You can perform lookups from one set of values in your dataset into another set of values in another dataset. A lookup compares each value in the selected column against the values in a selected column of the target dataset. Where a match is found, the values in other columns of the target dataset are inserted as new columns in the dataset from which the lookup was executed.
For example, your enterprise is changing the names of all of your products. Instead of performing a complex set of replace transforms, you can perform a lookup from your productName column into a two-column dataset, which contains the original name and the new name in separate columns. When the new name is inserted into your source dataset via lookup, you can delete the source column and continue transforming your data with the new names.
- You cannot perform lookups on columns of Object or Array data type.
A lookup essentially performs a left join between the first dataset and the second one.
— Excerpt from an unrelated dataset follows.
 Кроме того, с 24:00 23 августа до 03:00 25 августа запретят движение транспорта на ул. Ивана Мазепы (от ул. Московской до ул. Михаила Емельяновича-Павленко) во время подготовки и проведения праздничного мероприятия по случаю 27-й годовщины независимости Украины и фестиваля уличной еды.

However, lookups are less flexible in terms of defining and editing them.
NOTE: If column values are non-unique, the resulting dataset can be significantly larger than the original dataset.
This workflow is best demonstrated by example. In this case, your raw sales data records product information in internal numeric identifiers. For analysis, you may want to integrate data from your products master data based on the internal identifier, so that you have a product description and other useful information as part of your dataset.
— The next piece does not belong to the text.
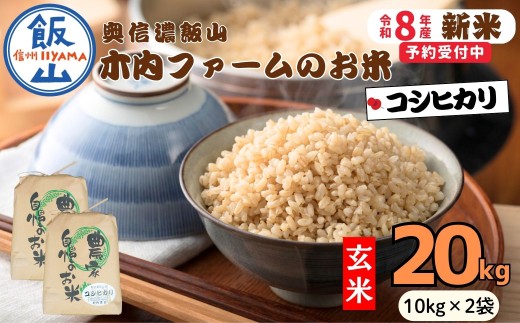 NEW 【先行予約】《 令和8年産 新米 》 こしひかり玄米 20kg 奥信…

To perform a lookup, select the caret next to a column title, and then select Lookup....
Lookup Wizard - Step 1
In the first step, you select the dataset against which you would like to perform your lookup for matching data for the
Item_Nbr column. In this example, the products dataset is selected, since it contains the list of recognized products:
Tip: You can search your available flows and datasets. When you search for flows, all datasets in the flow are matched.
Figure: Lookup Wizard - Step 1
Lookup Wizard - Step 2
After you select the dataset against which to perform the lookup, you select the field in the target dataset to use as the lookup key. The lookup key provides the set of identifiers for which you are trying to find a match for each value in the source column. In this case, the lookup key column has the same name as the source column:
Figure: Lookup Wizard - Step 2
When the lookup is executed, for each value in the source
item_nbr column that can be found in the target dataset's
ITEM_NBR column, all of the other columns in the corresponding row of the second dataset are inserted as separate columns in the first dataset. These columns are inserted to the immediate right of the column that was used for the lookup:
Figure: Lookup Wizard - Results
NOTE: If the second dataset contains multiple matching entries for individual lookup key values from the first dataset, rows from the first dataset are duplicated in the results.
NOTE: You may need to delete some of the columns that have been imported into your dataset.
After you have added a lookup to your recipe, subsequent changes to that reference data are automatically reflected in the dataset.
Tip: If you must freeze the data in the dataset that you are using for a lookup, you should create a copy of the dataset as a snapshot. See Dataset Details Page.
To use the copy, delete the lookup and rebuild it using the copied version. See Fix Dependency Issues.